• [WHAT YOU NEED TO DO] Type out all the records word for word. Any pictures are to be left out.

►

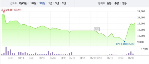현대상선은 5월27일과 28일, 31일에도 각각 가격제한폭인 29.65%, 29.92%, 13.56%의 상승폭을 기록한 바 있다.
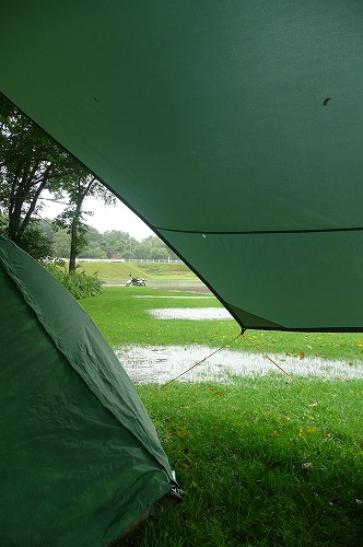 雨もあらかた止んでしまい、テントの周りの湖さえ無ければ何事も無かったかのようで
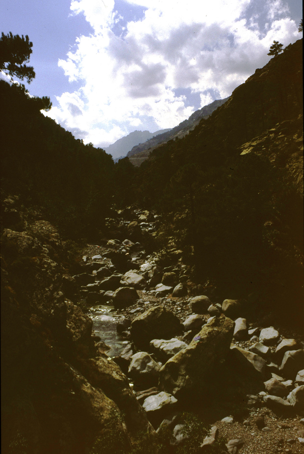 Vom Nachtlager am Tassinetta-Bach geht es hier über den Wildbach Stranziacone auf die D147 zum Cinto-Aufstieg. Jahr 1986
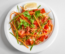 Göbek Salata, Rende Havuç, Kırmızı Lahana, Domates, Salatalık, İnce Kıyım Kıvırcık
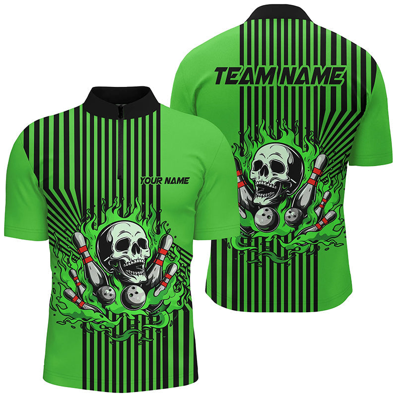 Green and Black stripes Mens bowling polo, quarter zip shirts Custom Skull bowling Team Jerseys NQS7648

◄

• [COMPLETED EXERCISE]
현대상선은 5월27일과 28일, 31일에도 각각 가격제한폭인 29.65%, 29.92%, 13.56%의 상승폭을 기록한 바 있다.
 雨もあらかた止んでしまい、テントの周りの湖さえ無ければ何事も無かったかのようで
 Vom Nachtlager am Tassinetta-Bach geht es hier über den Wildbach Stranziacone auf die D147 zum Cinto-Aufstieg. Jahr 1986
 Göbek Salata, Rende Havuç, Kırmızı Lahana, Domates, Salatalık, İnce Kıyım Kıvırcık
 Green and Black stripes Mens bowling polo, quarter zip shirts Custom Skull bowling Team Jerseys NQS7648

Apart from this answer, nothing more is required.